Your goal
Give back the listing in full and exactly, leaving out the images.

Given data

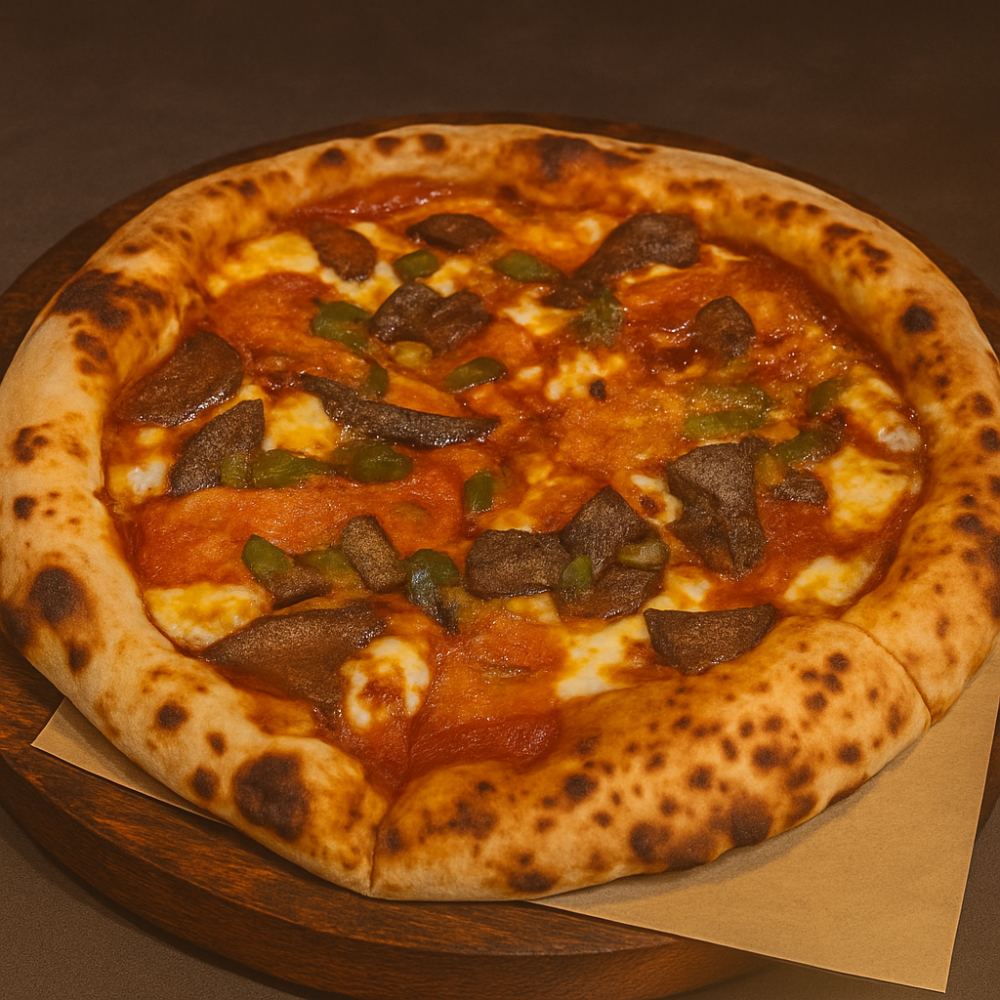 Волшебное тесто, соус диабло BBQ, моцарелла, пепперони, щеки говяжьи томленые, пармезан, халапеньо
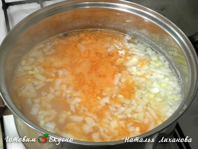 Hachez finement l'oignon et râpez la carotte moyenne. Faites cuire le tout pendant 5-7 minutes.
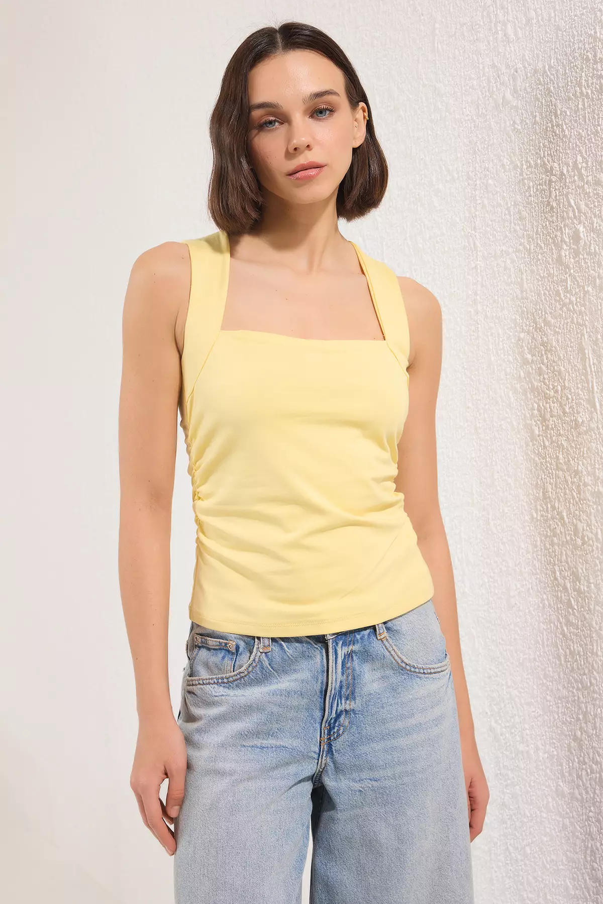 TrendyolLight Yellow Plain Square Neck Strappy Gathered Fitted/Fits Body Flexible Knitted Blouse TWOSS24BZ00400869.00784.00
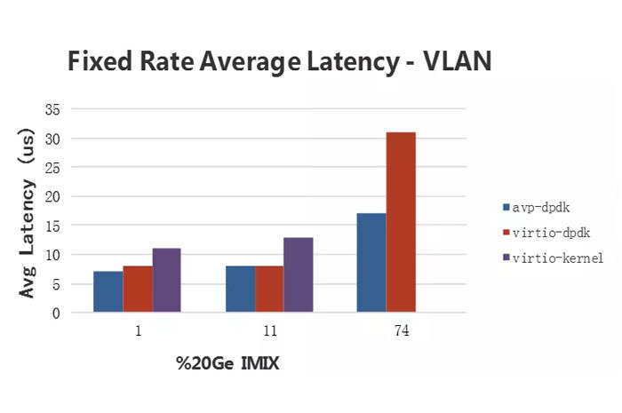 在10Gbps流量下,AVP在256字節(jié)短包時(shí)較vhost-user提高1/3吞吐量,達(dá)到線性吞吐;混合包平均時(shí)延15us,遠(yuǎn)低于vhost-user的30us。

Answer for this exercise
 Волшебное тесто, соус диабло BBQ, моцарелла, пепперони, щеки говяжьи томленые, пармезан, халапеньо
 Hachez finement l'oignon et râpez la carotte moyenne. Faites cuire le tout pendant 5-7 minutes.
 TrendyolLight Yellow Plain Square Neck Strappy Gathered Fitted/Fits Body Flexible Knitted Blouse TWOSS24BZ00400869.00784.00
 在10Gbps流量下,AVP在256字節(jié)短包時(shí)較vhost-user提高1/3吞吐量,達(dá)到線性吞吐;混合包平均時(shí)延15us,遠(yuǎn)低于vhost-user的30us。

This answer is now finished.